Un nuovo incontro nella Commissione parlamentare d’inchiesta sul Covid si è svolto, ma l’assenza delle opposizioni è stata nuovamente evidente. Dopo la controversa scelta della scorsa settimana di non partecipare, il clima di disinteresse continua a prevalere, eccezion fatta per il capogruppo del Partito Democratico, Francesco Boccia, che ha presenziato per “cortesia istituzionale” in vista dell’audizione di un testimone designato dal suo partito, il presidente dell’Autorità Nazionale Anticorruzione, Giuseppe Busìa.
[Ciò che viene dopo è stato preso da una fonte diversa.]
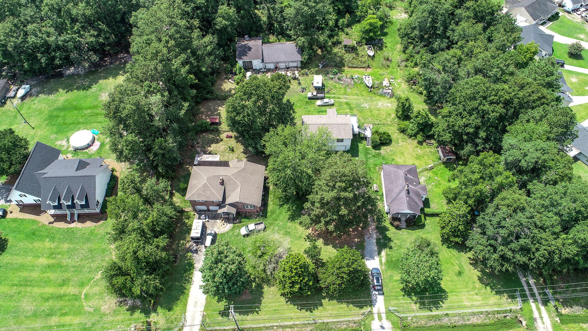 Land developers and investors! Three parcels packaged together! 10.8 acres, X flood zone. TMS #s 2210000034, 2210000057, 2210000030. Homes are being sold AS-IS. There is the main brick house, smaller rental house, four door garage with apartment above it, and another double bay garage behind on the two smaller lots. ZONED R1.
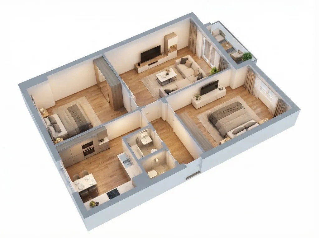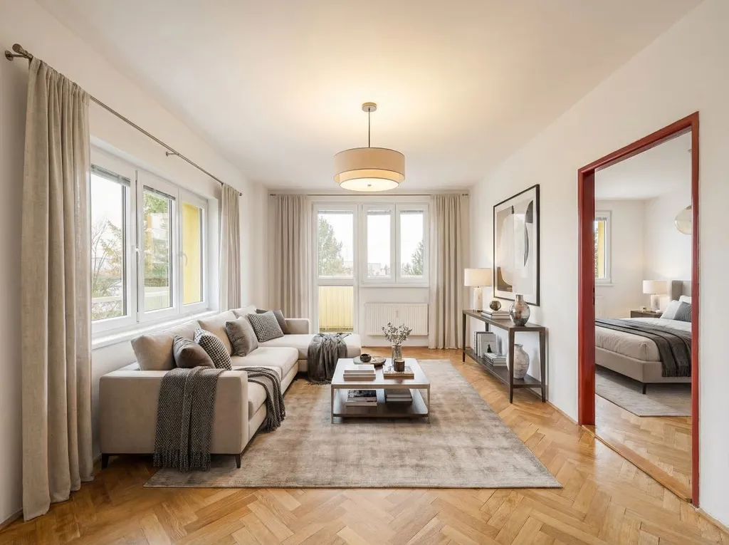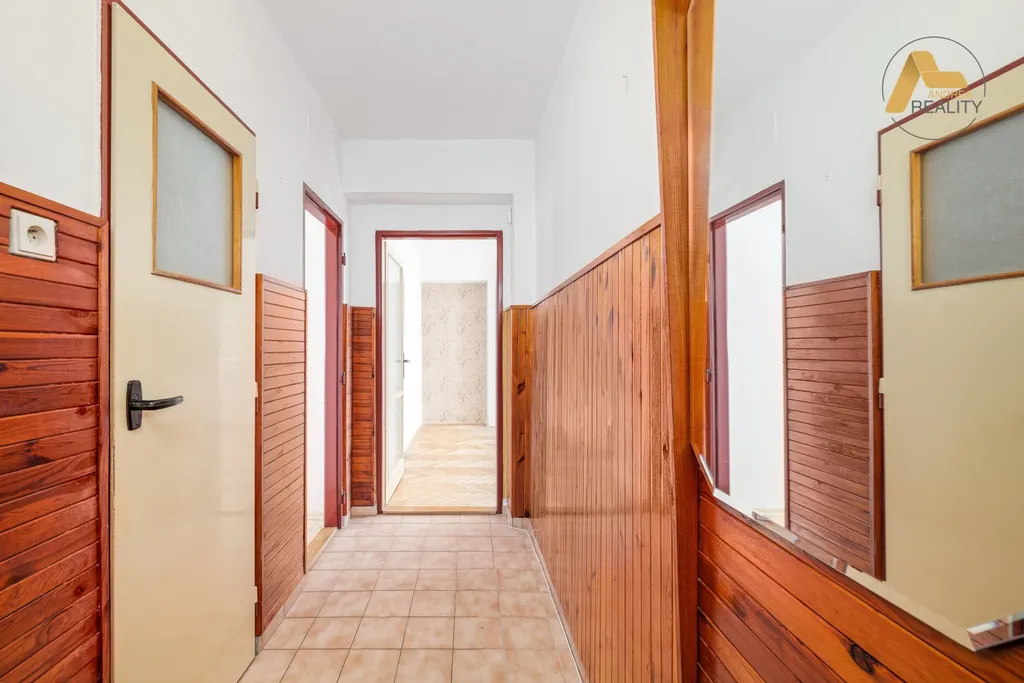 Byt disponuje třemi samostatnými, světlými a vzdušnými místnostmi, které nabízejí ideální rovnováhu mezi soukromím a otevřeným prostorem. Interiér vás hned při vstupu prostornou předsíní okouzlí vůní zachovalých broušených parket, které dodávají prostoru teplo, přirozenou eleganci a příjemnou atmosféru domova.

Nel corso della seduta, Boccia ha ripetuto le motivazioni di protesta dell’opposizione, denunciando un presunto “uso politico” della Commissione, che, a suo avviso, si è trasformata in un “plotone di esecuzione”. Il tema centrale del dibattito riguardava gli appalti mega concessi durante l’emergenza sanitaria, nei quali, come sottolineato da Busìa, è venuta meno la trasparenza a causa della normativa emergenziale che ha escluso i controlli esterni.
La reazione di Fratelli d’Italia è stata decisa: accusano le forze di opposizione di cercare di “insabbiare” la verità, mentre i Movimenti 5 Stelle hanno contestato la maggioranza per le “lezioni inaccettabili” sulla lotta all’anticorruzione. Durante un acceso scambio di opinioni, a tal punto che la seduta è stata temporaneamente sospesa, Boccia ha rilanciato le preoccupazioni riguardo all’impiego di interlocutori esterni alla Commissione per le audizioni, così come lo svolgimento di sessioni al di fuori del Parlamento.
Boccia ha quindi lanciato un appello chiaro: finché non ci sarà una risposta scritta dai presidenti di Camera e Senato, l’opposizione non tornerà a partecipare regolarmente ai lavori. In caso contrario, ha avvertito, si procederà a rivolgersi al presidente della Repubblica.
La risposta del presidente della Commissione, Lisei, non si è fatta attendere: ha dichiarato che tutte le obiezioni sollevate hanno già ricevuto una risposta, indipendentemente dalla loro recepibilità.
In sintesi, la discussione resta fortemente polarizzata, con ogni schieramento che accusa l’altro di mancanza di trasparenza e di intenti diversi da quelli dichiarati, mentre l’attenzione pubblica si concentra sulla gestione degli appalti durante una delle fasi più critiche della pandemia.